Читаем Дорога на Уиган-Пирс полностью

Уже упоминавшийся мной Бичем тоже заплатил жгучим стыдом, уличенный в «черных кругах вокруг глаз».

– Бичем, ты в зеркало смотришься? – пытала Флип. – Тебе не стыдно? Ты думаешь, никто не понимает, отчего у тебя вокруг глаз черные круги?

И новое терзание: а у меня не почернело вокруг глаз? Насчет преступного и явного для детективов симптома мастурбаций я был не в курсе, хотя догадывался, что здесь признак порока, порочности. И многократно, еще не постигнув смысла жутких стигматов, с тревогой вглядывался в свое отражение, страшась увидеть печать грешной тайны на собственной физиономии.
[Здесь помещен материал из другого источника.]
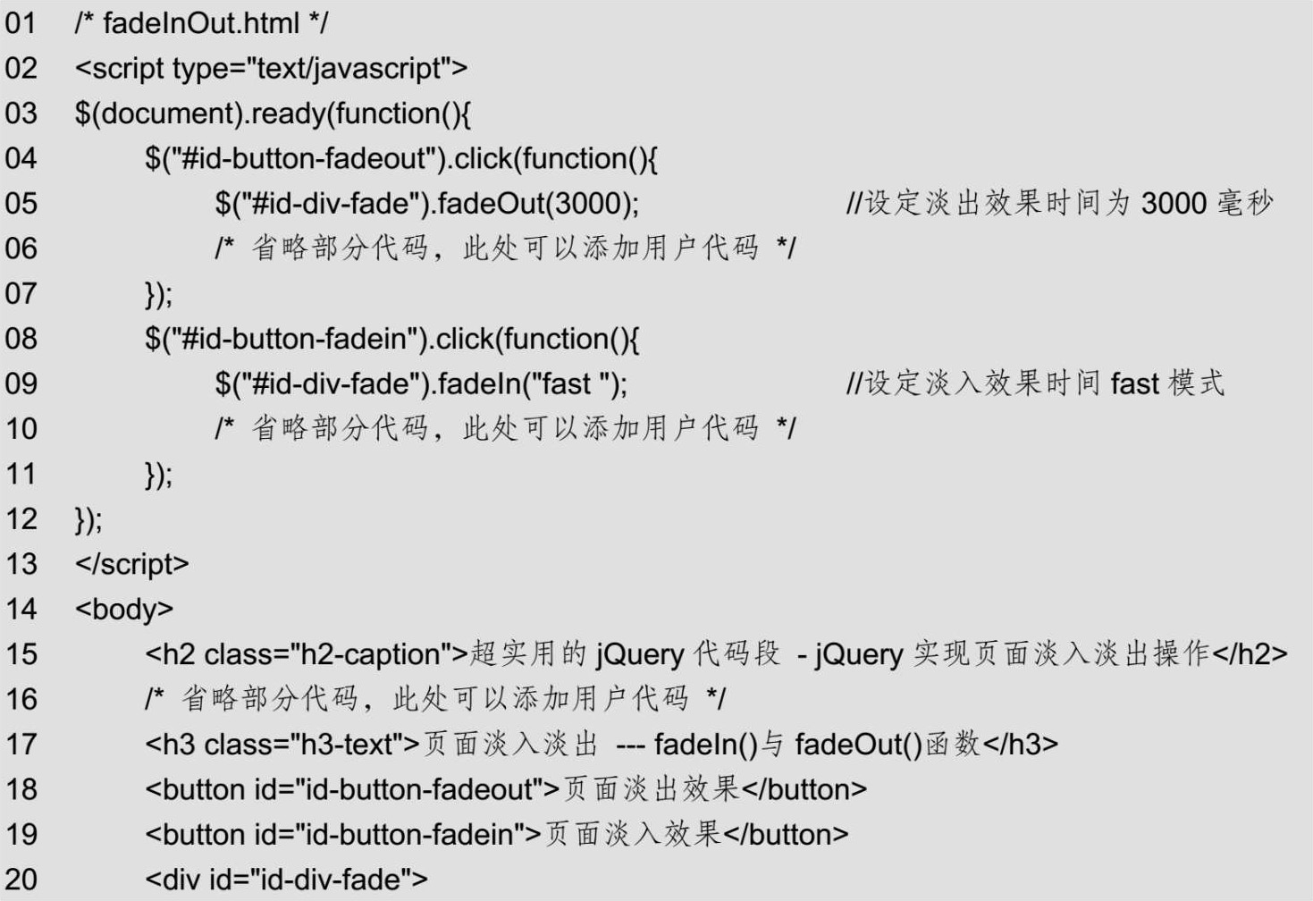 第04~07行实现的“淡出”效果通过fadeOut()函数实现,该函数使用淡出效果来隐藏被选择的页面元素,其语法如下:
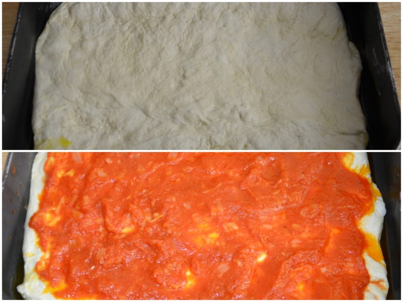 Una volta cresciuto, riprendete l'impasto, sgonfiatelo e stendetelo in una teglia unta d'olio, quindi condite con la salsa.
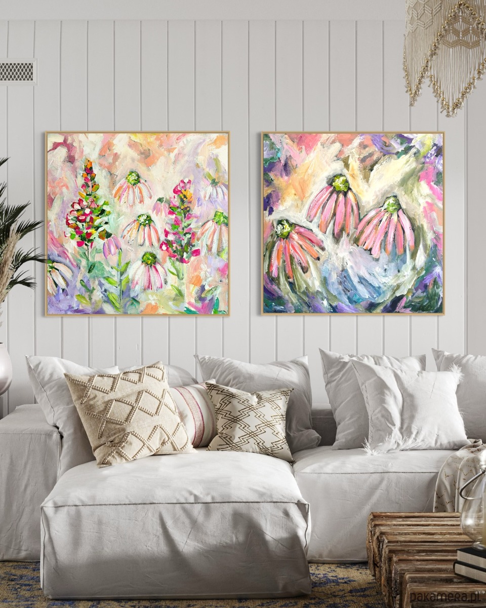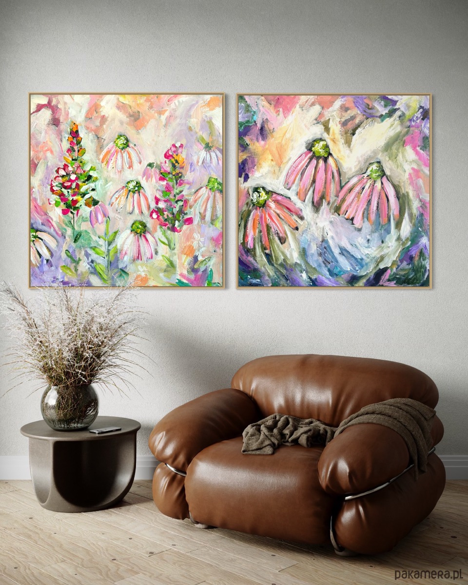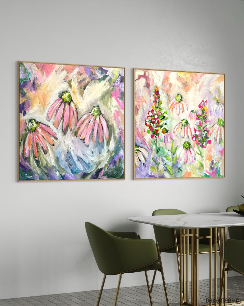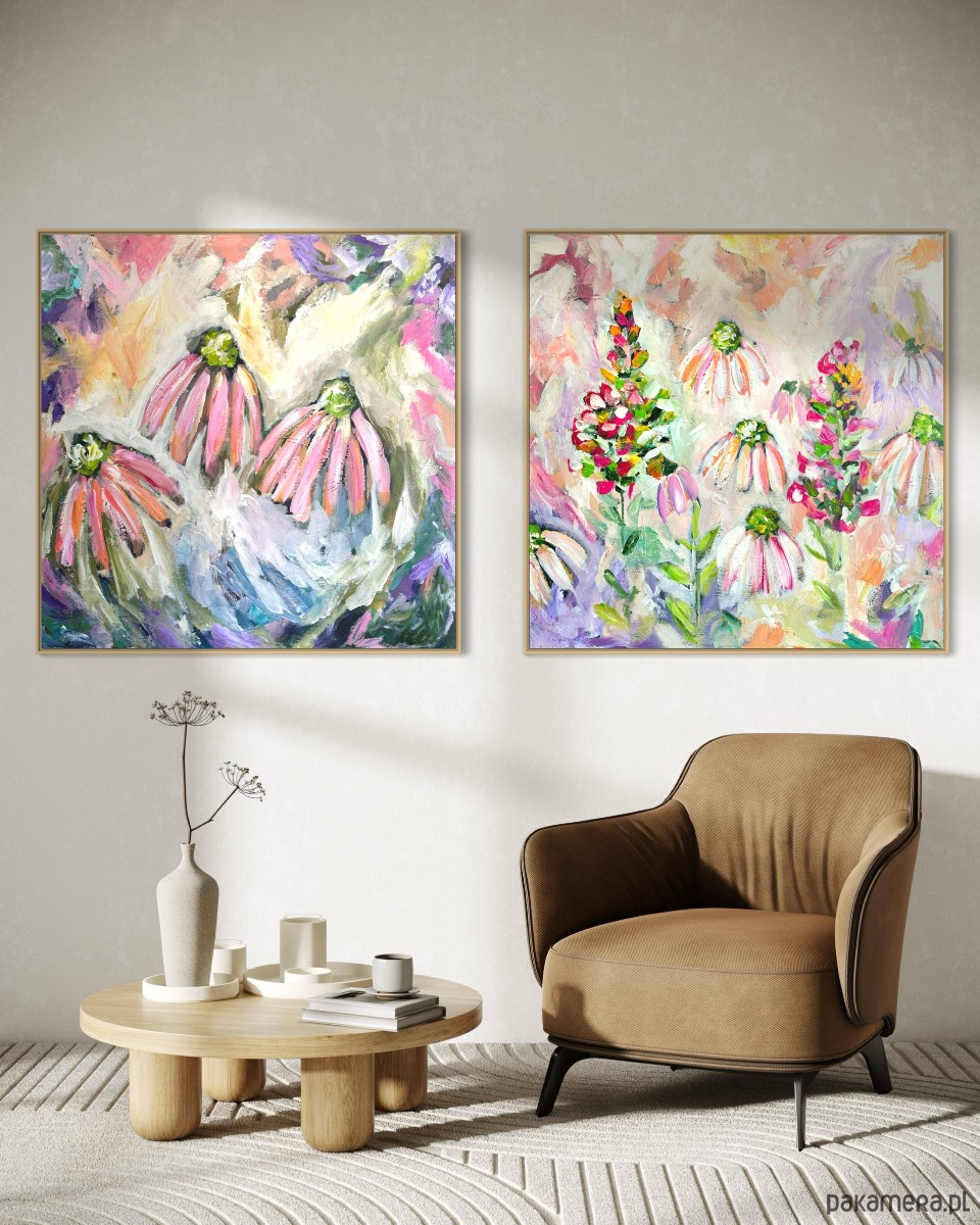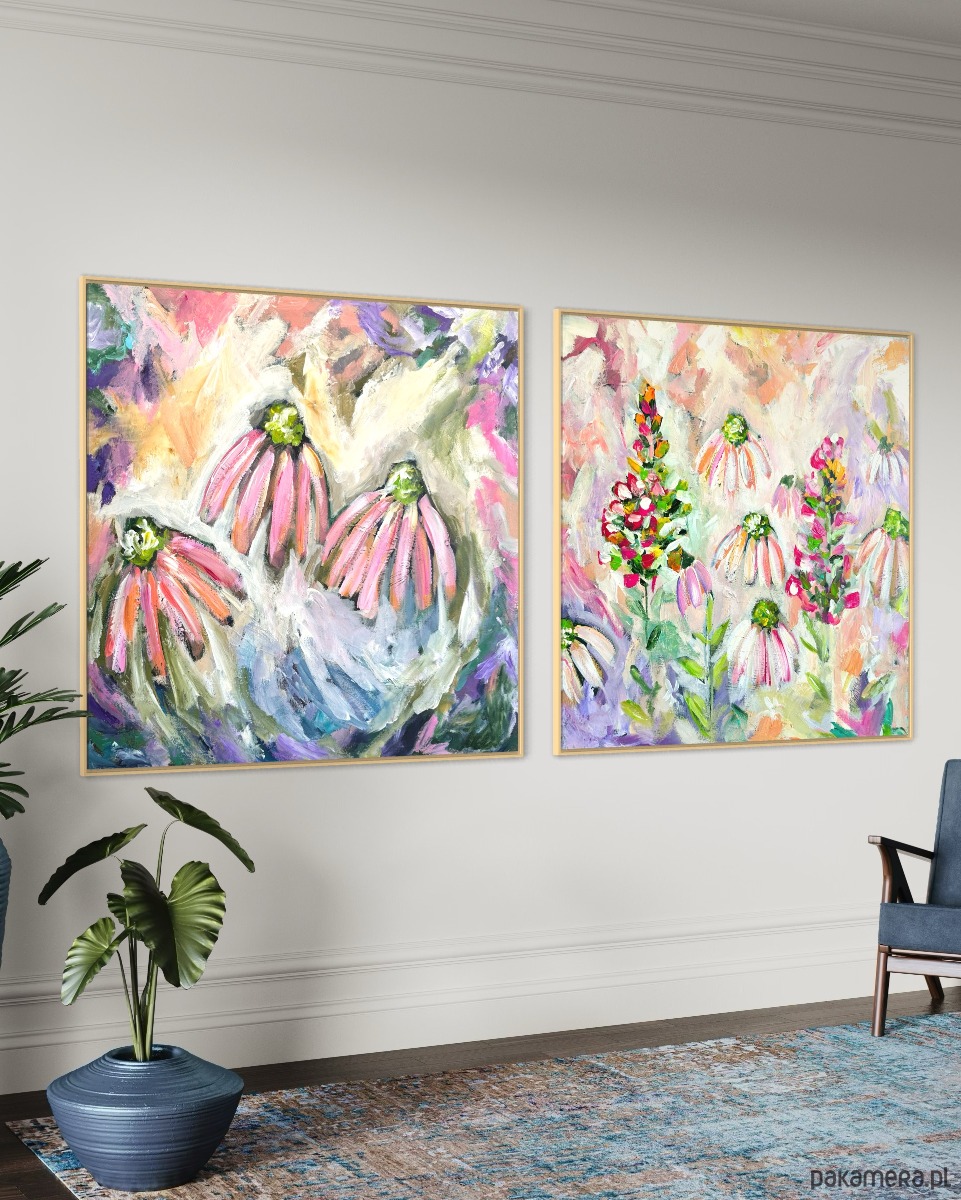 Ręcznie malowany autorski i niepowtarzalny zestaw obrazów abstrakcyjnych na płótnie, wykonany farbami akrylowymi. Płótno naciągnięte na drewnianą ramę (blejtram). Obrazy sygnowane z tyłu. Sprzedawane bez ramy zewnętrznej – widoczna na zdjęciach rama ma charakter poglądowy.
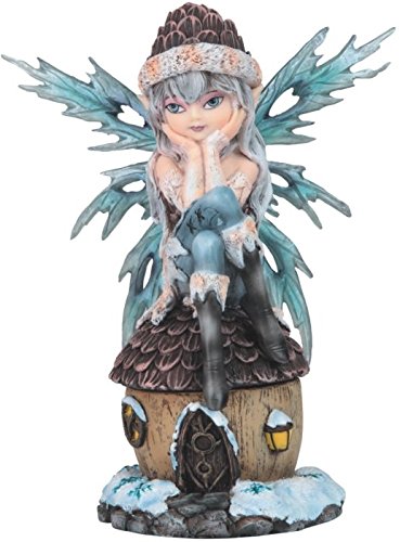 StealStreet SS-G-91812 Light Blue Fairy Sitting on Hut with Snow Trinket Box, 8.75"

Все эти ужасы периодически накатывали, не колебля моей, так сказать, официальной правоверности. Истина о поджидающем финале с психушкой либо петлей самоубийцы пугала уже менее остро, но оставалась истиной. Примерно через полгода после скандала мне довелось снова увидеть Хорна, зачинщика, которого, жестоко выпоров, изгнали из школы. Сын весьма небогатых родителей, Хорн был в числе парий, что, несомненно, добавило Самбо поводов столь немилосердно обойтись с этим учеником. Изгнанный Хорн поступил в Истборн-колледж, небольшой местный частный интернат, глубоко презираемый в Киприане как заведение «не совсем». Лишь очень немногие наши воспитанники имели несчастье там оказаться, и директор всегда упоминал о них с какой-то брезгливой жалостью. Их участь, разумеется, была предрешена, им уже не светило ничего, кроме места убогого конторщика. Мне Хорн виделся бедолагой, в тринадцать лет утратившим надежду на сколько-нибудь приличное будущее, – конченым и морально, и социально, и физически. Родители Хорна, думал я, не могли отправить опозоренного сына в заведение получше Истборн-колледжа, ведь ни в один «хороший» колледж его не взяли бы.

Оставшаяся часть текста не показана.